Under this line is a listing; return exactly the lines starting at the one with "会前,北投信创集团领导一行参" and running down to the one with "Akron, Oh/ Turkey", and leave out its pictures.

DATA SUPPLIED.

=======

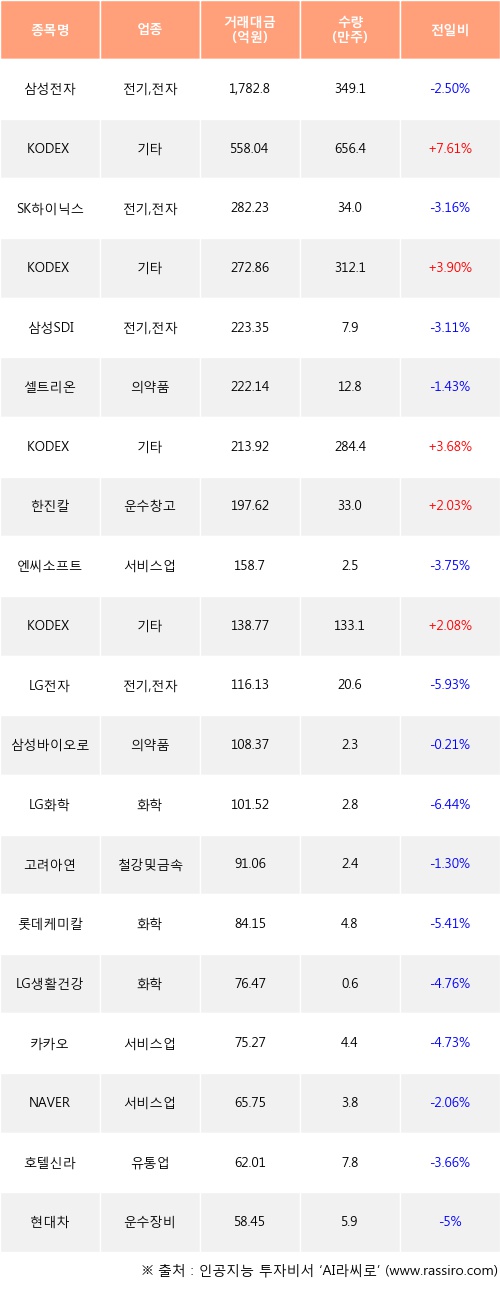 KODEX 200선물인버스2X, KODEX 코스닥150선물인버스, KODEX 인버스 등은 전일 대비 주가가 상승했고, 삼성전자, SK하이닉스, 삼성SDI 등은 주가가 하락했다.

=======

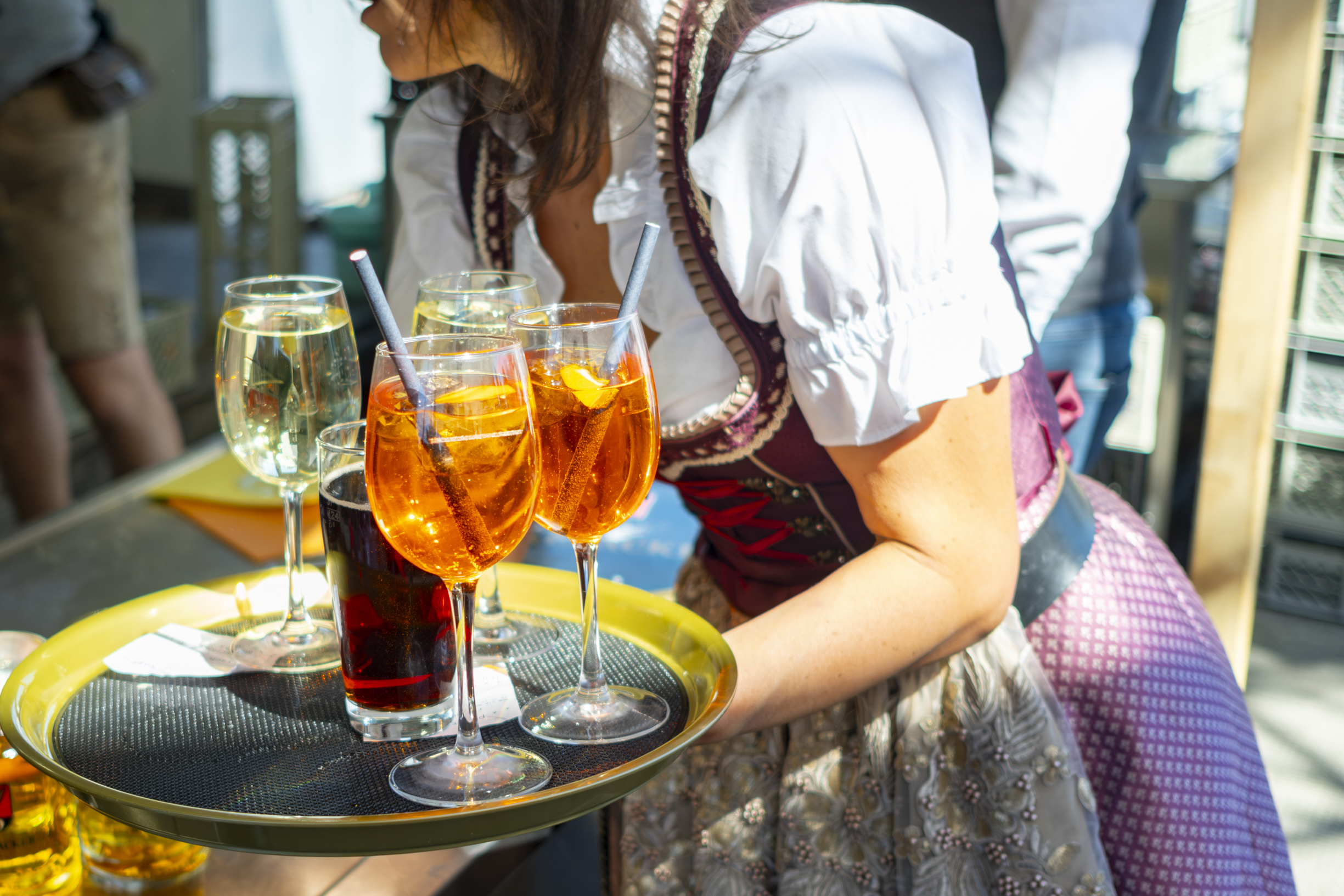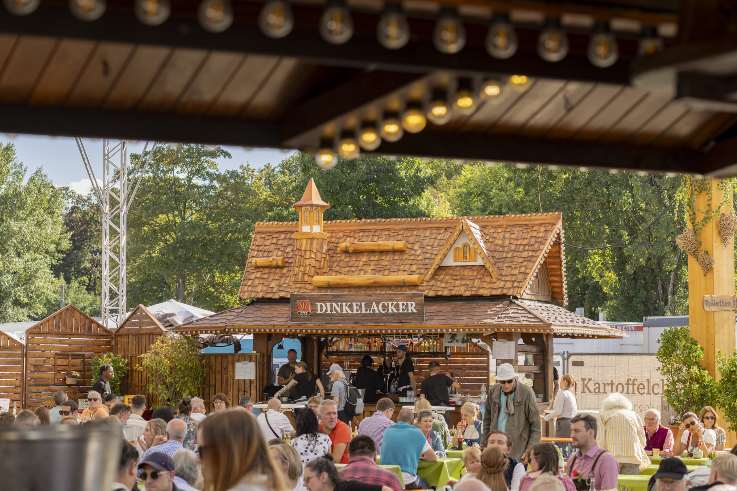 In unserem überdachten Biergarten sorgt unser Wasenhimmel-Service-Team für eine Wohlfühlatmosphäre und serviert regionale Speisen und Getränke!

=======

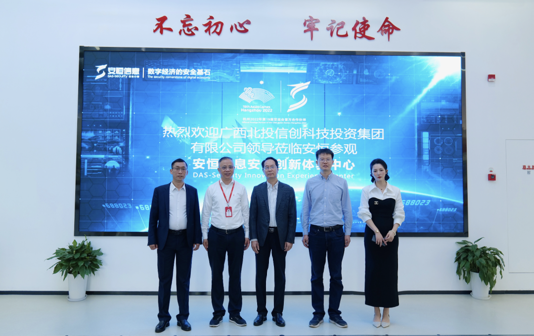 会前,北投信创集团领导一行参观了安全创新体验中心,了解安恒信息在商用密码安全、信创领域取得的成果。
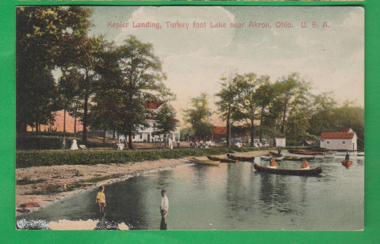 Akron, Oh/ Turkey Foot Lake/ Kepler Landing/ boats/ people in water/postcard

=======

YOUR RESPONSE.
 会前,北投信创集团领导一行参观了安全创新体验中心,了解安恒信息在商用密码安全、信创领域取得的成果。
 Akron, Oh/ Turkey Foot Lake/ Kepler Landing/ boats/ people in water/postcard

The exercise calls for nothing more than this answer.